Did City Of North Augusta Violate Freedom of Information Act With Meetings About Project Jackson?

Artist's rendering of what Project Jackson in North Augusta will look like once finished.
Artist's rendering of what Project Jackson in North Augusta will look like once finished.

South Carolina Supreme Court justices are expected to have a decision on the Project Jackson case by the middle of July.

The court will rule on whether the financing plan for the project was done correctly, but that’s not the only part of the case the justices will rule on.

As part of River Club homeowner’s Steve Donohue’s lawsuit against the city, he’s questioning if city leaders met behind closed doors to discuss Project Jackson, which would be a possible violation of the Freedom of Information Act (FOIA).

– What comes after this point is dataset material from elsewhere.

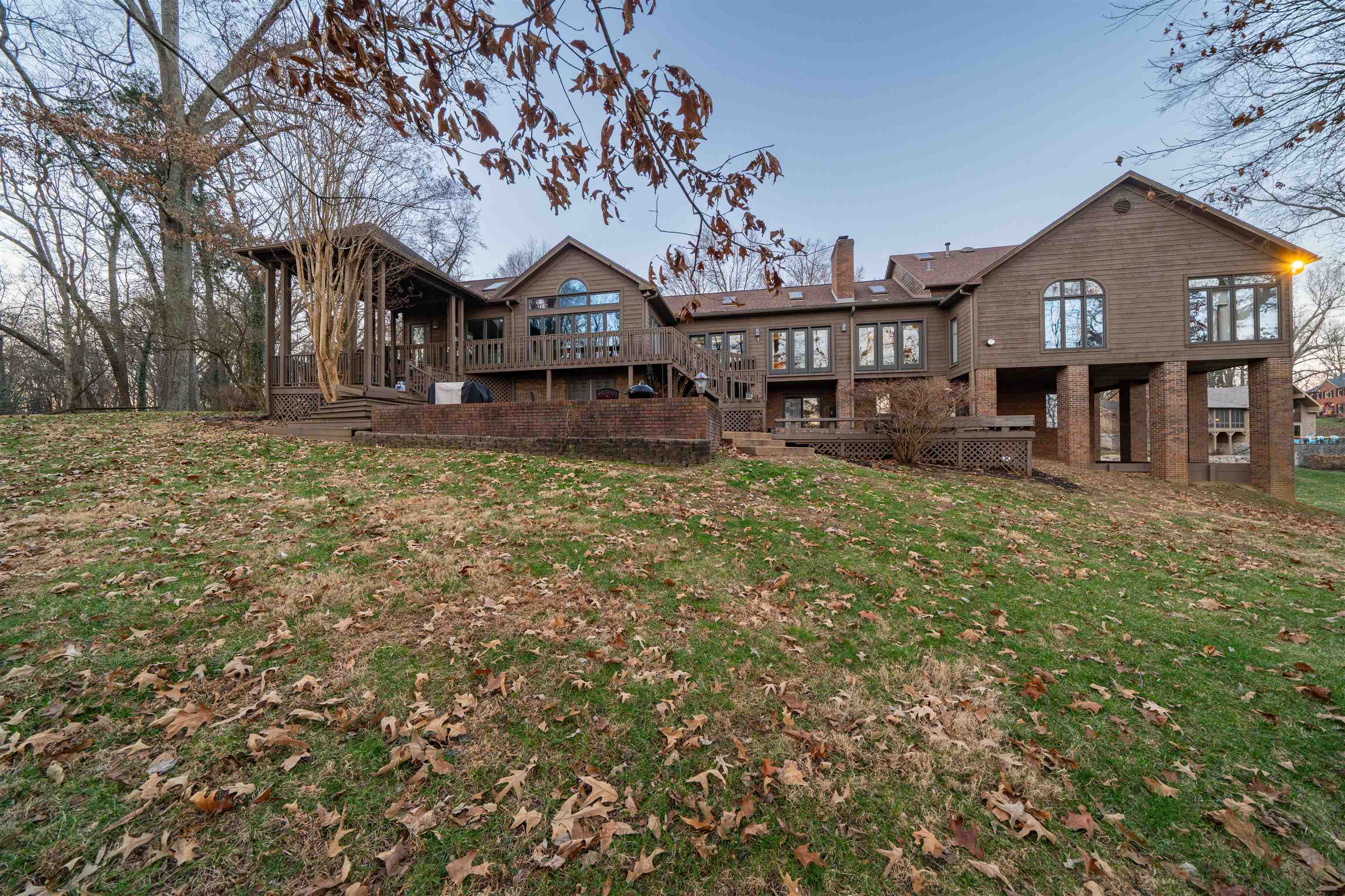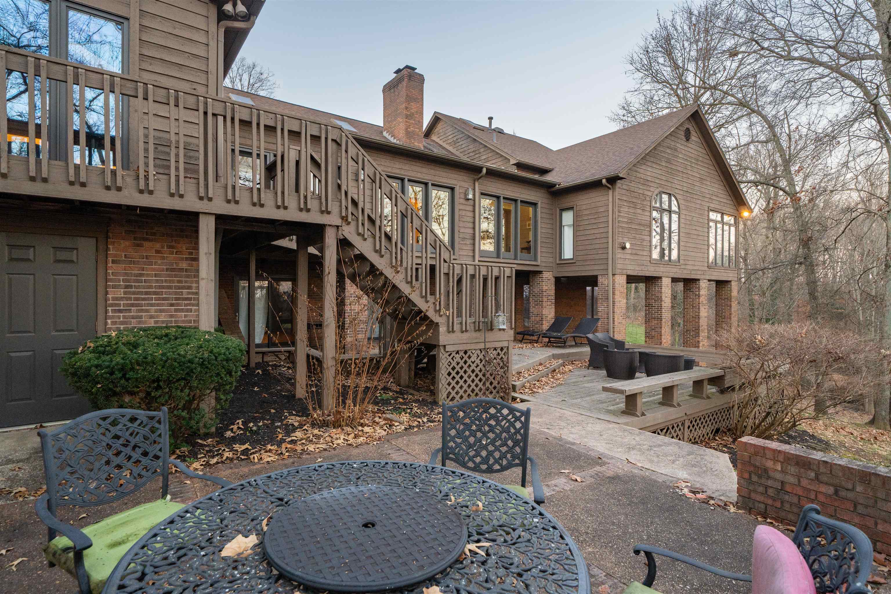 Set on a private 1.3 acre lot on a dead end street, this expansive home offers over 6,500 finished square feet designed for both everyday living and entertaining. Crown moulding, vaulted ceilings, skylights, and an abundance of natural light create a bright, open feel throughout the main living areas. The main level primary suite is a true retreat featuring a fireplace, sitting area or office, and a spacious en suite bath. Walk in closets are found throughout the home, offering exceptional storage. Multiple living spaces on the main level allow flexibility for formal and casual use, along with an additional large office positioned at the front of the home. The finished walk out basement adds another living area complete with a kitchenette, making it ideal for guests, multi generational living, or entertaining. A secondary washer and dryer hookup is located in the basement, in addition to the main level laundry. Outdoor living is just as impressive with a tri level deck overlooking open fields, a fire pit area just off the deck, attached outdoor storage, and a peaceful, wooded setting. Additional features include multiple fireplaces, granite surfaces, skylights throughout, and a triple attached garage. This property offers privacy, space, and versatility while remaining close to Owensboro conveniences.

During Tuesday’s hearing, the justices had a lot of questions about the city’s use of executive sessions.

Donohue and his attorney say the city would meet about Project Jackson, but never announce it during public meetings.

The city’s attorney says that council members were talking about contracts though, which is something that state law allows behind closed doors.

City leaders say they need to be able to conduct that type of business in executive session.

If the South Carolina Supreme Court finds that the city did violate the FOIA, Donohue and his attorney are requesting that the city pay for their attorney fees, that the city ordinance be nullified, and that the case be sent back down to the lower courts.